#### Exercise requirements
Please repeat every entry exactly as written, but skip the pictures.

#### Supplied records
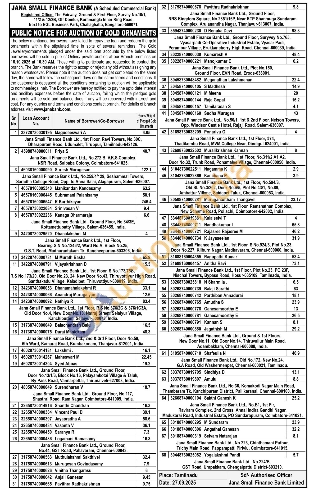 Jana Small Finance Bank Gold Auctions Auction in Tiruppur
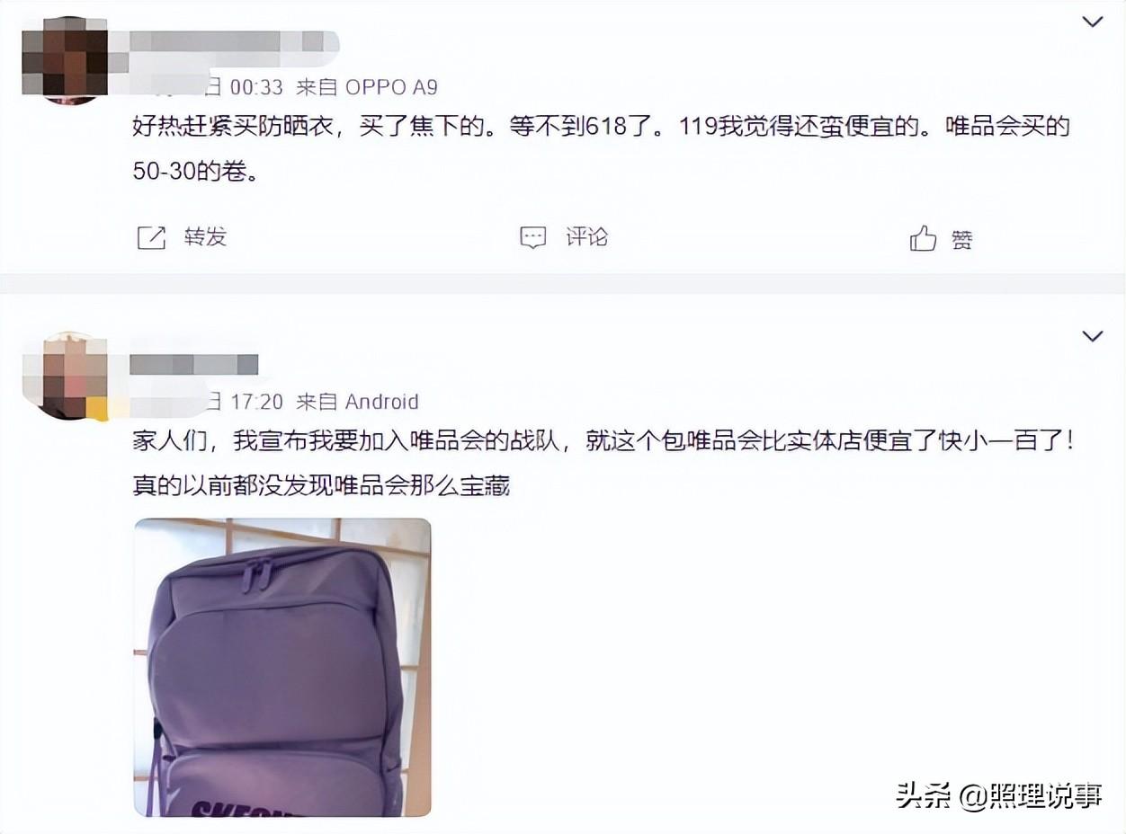4月以來(lái),部分地區(qū)升溫,有網(wǎng)友在唯品會(huì)入手某大品牌的防曬衣,竟然比其他平臺(tái)優(yōu)惠了30—50;還有小姐姐安利大家加入唯品會(huì)戰(zhàn)隊(duì),一模一樣的品牌雙肩背包,唯品會(huì)快便宜了小100。
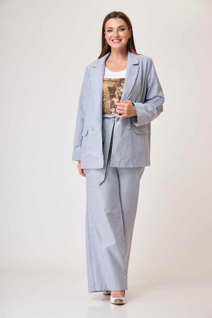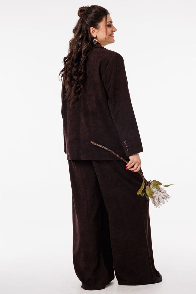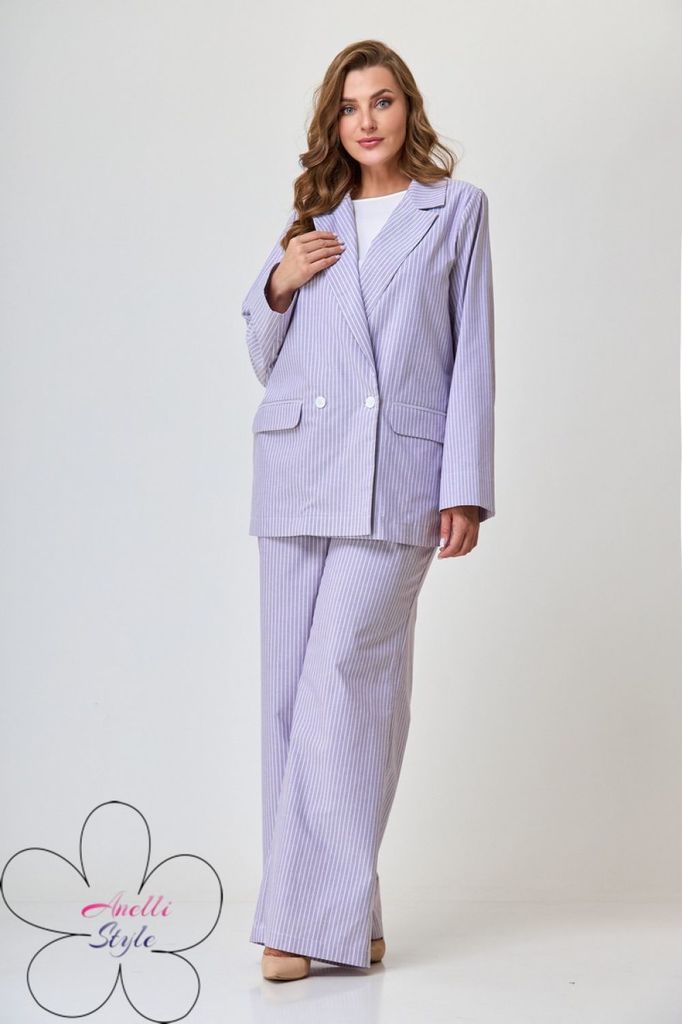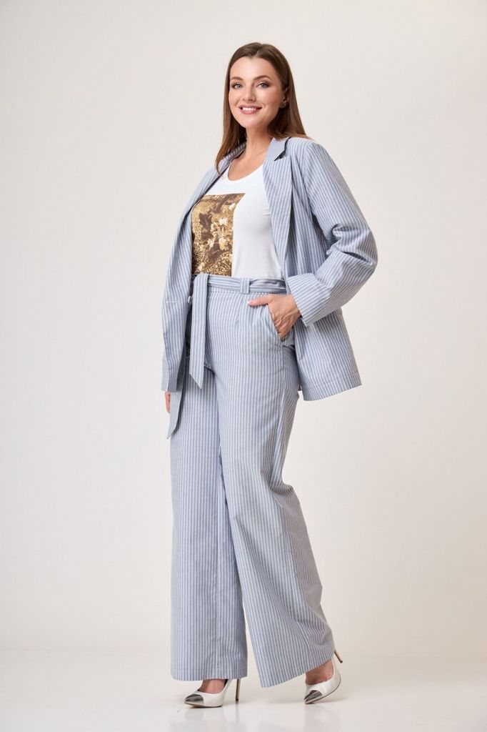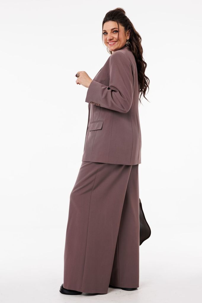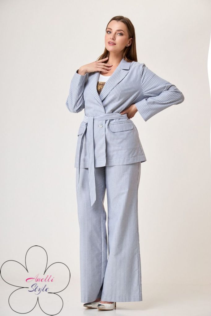 Состав: Хлопок-100%; Сезон: Осень-Зима Рост: 164 Страна бренда: Беларусь Состав: Хлопок-100%; Костюм-двойка брючный. Жакет свободного кроя, длиной до середины бедра. Рукав втачной, длинный. По переду ... Показать описаниепрорезные карманы с клапаном, двубортная застежка. Горловина обработана классическим жакетным воротником с лацканом. Брюки с высокой посадкой, длинные, расширенные к низу. По переду боковые карманы и застежка на гульфик с молнией. Пояс от бокового шва по спинке на резинке, по переду застежка на петлю пуговицу. При помощи съемного пояса можно дополнительно подчеркнуть талию, как в брюках, так и в жакете. При съемке в образе использованы изделия бренда ANELLIstyle – футболка 1015. Вся необходимая информация о производителе указана на этикетке. Цвет на фото может отличаться от цвета изделия вживую из-за разницы освещения и цветопередачи экранов, на которых просматривается изображение. Будем благодарны за ваш отзыв. Это поможет улучшить качество наших изделий. Замеры: Рост фотомодели – 171 см. Размер фотомодели – 50. ОГ-обхват груди; ОТ-обхват талии; ОБ-обхват бедер; ДИ-длина изделия. Размер 46 Жакет: ОГ-106; ОТ-108; ОБ-110; ДИ-72; ДР-62 Брюки: ОТ-76; ОБ-112; ДИ-115 (с поясом), внутренний шов – 87 Размер 48 Жакет: ОГ-110; ОТ-111; ОБ-112; ДИ-73; ДР-62 Брюки ОТ-78; ОБ-116; ДИ-116 (с поясом), внутренний шов – 86 Размер 50 Жакет: ОГ-116; ОТ-117; ОБ-118; ДИ-73; ДР-63 Брюки: ОТ-82; ОБ-118; ДИ-117 (с поясом), внутренний шов – 86 Размер 52 Жакет: ОГ-120; ОТ-121; ОБ-122; ДИ-74; ДР-62,5 Брюки: ОТ-84; ОБ-120; ДИ -116 (с поясом), внутренний шов –85 Размер 54 Жакет:ОГ-124; ОТ-125; ОБ-126; ДИ-75; ДР-63 Брюки: ОТ-86; ОБ-124; ДИ-117 (с поясом), внутренний шов – 86 Размер 56 Жакет: ОГ-128; ОТ-129; ОБ-130; ДИ-75; ДР-63 Брюки: ОТ-88; ОБ-128; ДИ -117 (с поясом), внутренний шов –86
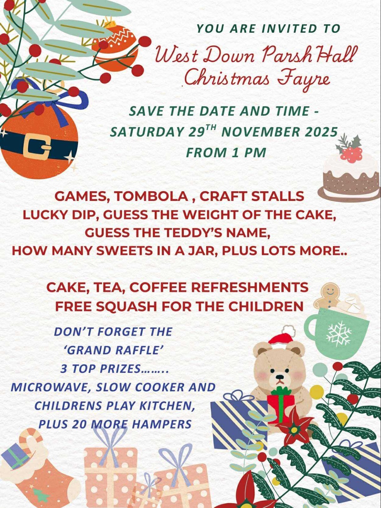 BOOKING CLERK: Keith Oades – Mobile: 07979 188107 Email: Westdownparishhallbooking@outlook.com
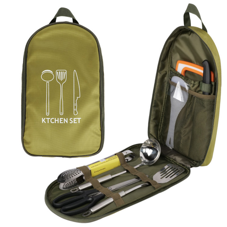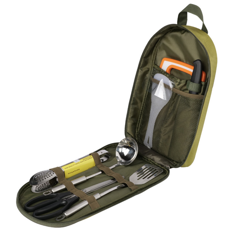 SOLO WILD Komplet Camping Udendørskøkken Sæt Portable.Din ultimative alt-i-én udendørs køkkenløsning. SOLO WILD komplette campingsæt indeholder holdbart rustfrit stålværktøj i en vandtæt opbevaringstaske. Dette bærbare system giver organiseret, klar-til-brug campingtilbehør til ethvert eventyr.
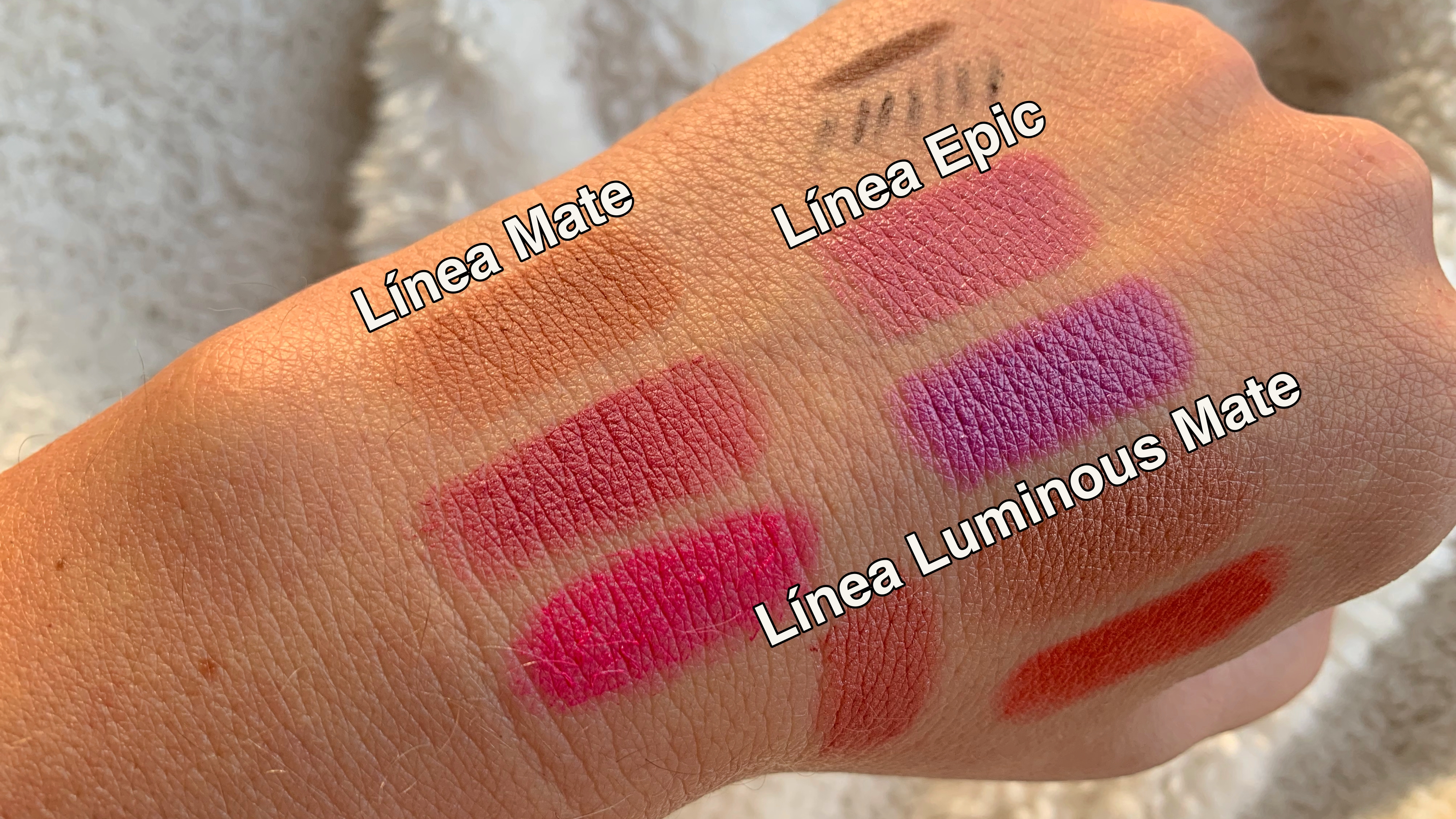 Todos los «swatches» los hice con 1 sola pasada. Las 3 líneas son muy pigmentadas.
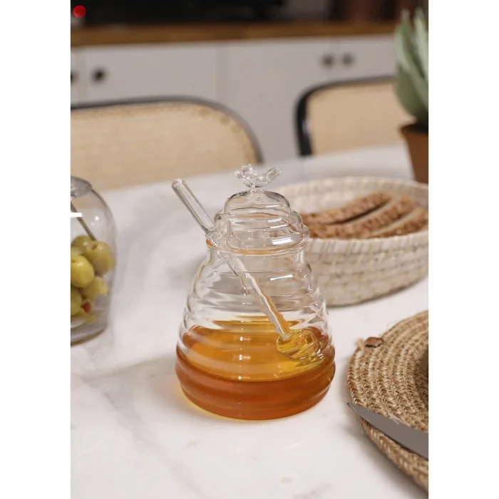 Glass Honey Jar The glass honey jar and honey spoon set was inspired by the Mayan beehive. With the glass honey storage jar and honey spoon set Yeast, you will be able to both preserve your honey and serve it easily on your table. Yeast honey is a specially designed product that will add privilege to your presentation. Our product is 100% handmade and produced by glass masters with blowing technique. It is made of special heat-resistant borosilicate glass. Product Dimensions: 13x10x10cmSuitable for washing in the dishwasher.
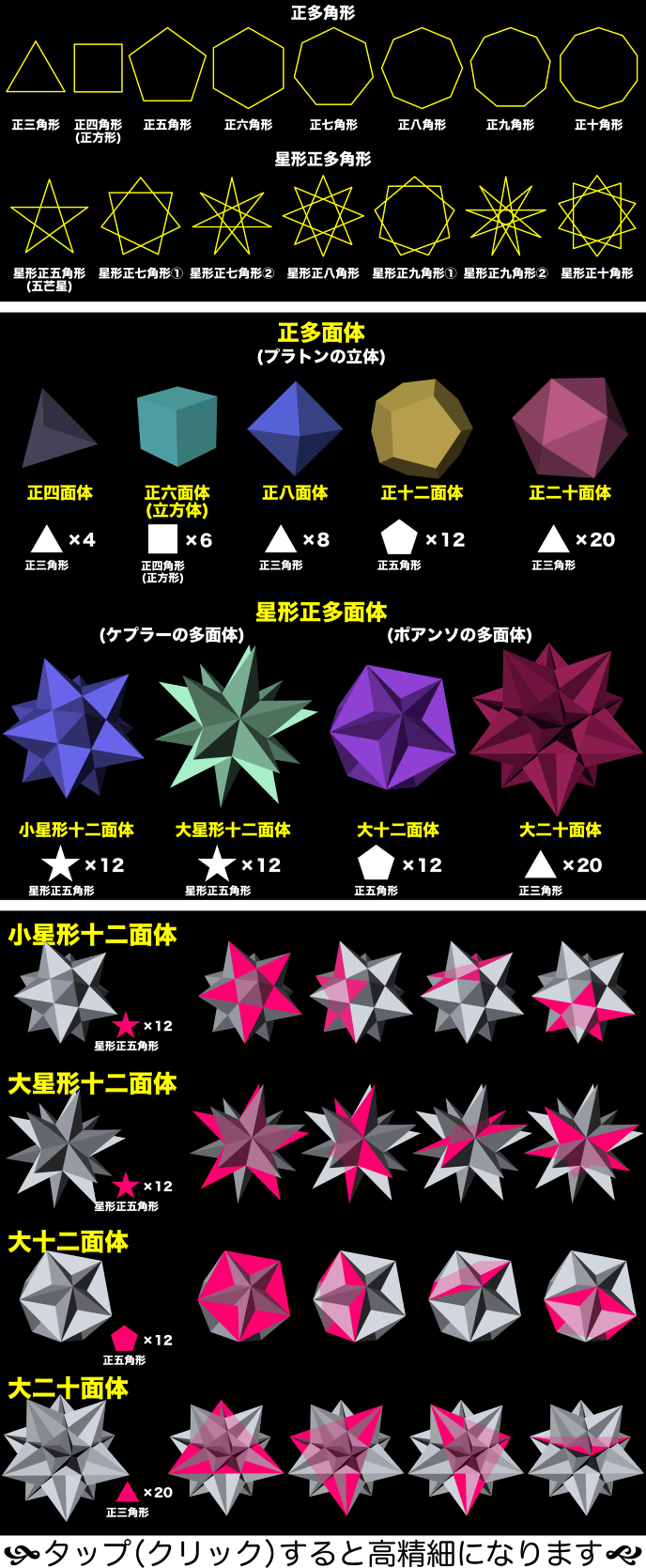 前の2つをケプラーの多面体、後の2つをポアンソの多面体ともいう。

#### Response
 Jana Small Finance Bank Gold Auctions Auction in Tiruppur
4月以來(lái),部分地區(qū)升溫,有網(wǎng)友在唯品會(huì)入手某大品牌的防曬衣,竟然比其他平臺(tái)優(yōu)惠了30—50;還有小姐姐安利大家加入唯品會(huì)戰(zhàn)隊(duì),一模一樣的品牌雙肩背包,唯品會(huì)快便宜了小100。
 Состав: Хлопок-100%; Сезон: Осень-Зима Рост: 164 Страна бренда: Беларусь Состав: Хлопок-100%; Костюм-двойка брючный. Жакет свободного кроя, длиной до середины бедра. Рукав втачной, длинный. По переду ... Показать описаниепрорезные карманы с клапаном, двубортная застежка. Горловина обработана классическим жакетным воротником с лацканом. Брюки с высокой посадкой, длинные, расширенные к низу. По переду боковые карманы и застежка на гульфик с молнией. Пояс от бокового шва по спинке на резинке, по переду застежка на петлю пуговицу. При помощи съемного пояса можно дополнительно подчеркнуть талию, как в брюках, так и в жакете. При съемке в образе использованы изделия бренда ANELLIstyle – футболка 1015. Вся необходимая информация о производителе указана на этикетке. Цвет на фото может отличаться от цвета изделия вживую из-за разницы освещения и цветопередачи экранов, на которых просматривается изображение. Будем благодарны за ваш отзыв. Это поможет улучшить качество наших изделий. Замеры: Рост фотомодели – 171 см. Размер фотомодели – 50. ОГ-обхват груди; ОТ-обхват талии; ОБ-обхват бедер; ДИ-длина изделия. Размер 46 Жакет: ОГ-106; ОТ-108; ОБ-110; ДИ-72; ДР-62 Брюки: ОТ-76; ОБ-112; ДИ-115 (с поясом), внутренний шов – 87 Размер 48 Жакет: ОГ-110; ОТ-111; ОБ-112; ДИ-73; ДР-62 Брюки ОТ-78; ОБ-116; ДИ-116 (с поясом), внутренний шов – 86 Размер 50 Жакет: ОГ-116; ОТ-117; ОБ-118; ДИ-73; ДР-63 Брюки: ОТ-82; ОБ-118; ДИ-117 (с поясом), внутренний шов – 86 Размер 52 Жакет: ОГ-120; ОТ-121; ОБ-122; ДИ-74; ДР-62,5 Брюки: ОТ-84; ОБ-120; ДИ -116 (с поясом), внутренний шов –85 Размер 54 Жакет:ОГ-124; ОТ-125; ОБ-126; ДИ-75; ДР-63 Брюки: ОТ-86; ОБ-124; ДИ-117 (с поясом), внутренний шов – 86 Размер 56 Жакет: ОГ-128; ОТ-129; ОБ-130; ДИ-75; ДР-63 Брюки: ОТ-88; ОБ-128; ДИ -117 (с поясом), внутренний шов –86
 BOOKING CLERK: Keith Oades – Mobile: 07979 188107 Email: Westdownparishhallbooking@outlook.com
 SOLO WILD Komplet Camping Udendørskøkken Sæt Portable.Din ultimative alt-i-én udendørs køkkenløsning. SOLO WILD komplette campingsæt indeholder holdbart rustfrit stålværktøj i en vandtæt opbevaringstaske. Dette bærbare system giver organiseret, klar-til-brug campingtilbehør til ethvert eventyr.
 Todos los «swatches» los hice con 1 sola pasada. Las 3 líneas son muy pigmentadas.
 Glass Honey Jar The glass honey jar and honey spoon set was inspired by the Mayan beehive. With the glass honey storage jar and honey spoon set Yeast, you will be able to both preserve your honey and serve it easily on your table. Yeast honey is a specially designed product that will add privilege to your presentation. Our product is 100% handmade and produced by glass masters with blowing technique. It is made of special heat-resistant borosilicate glass. Product Dimensions: 13x10x10cmSuitable for washing in the dishwasher.
 前の2つをケプラーの多面体、後の2つをポアンソの多面体ともいう。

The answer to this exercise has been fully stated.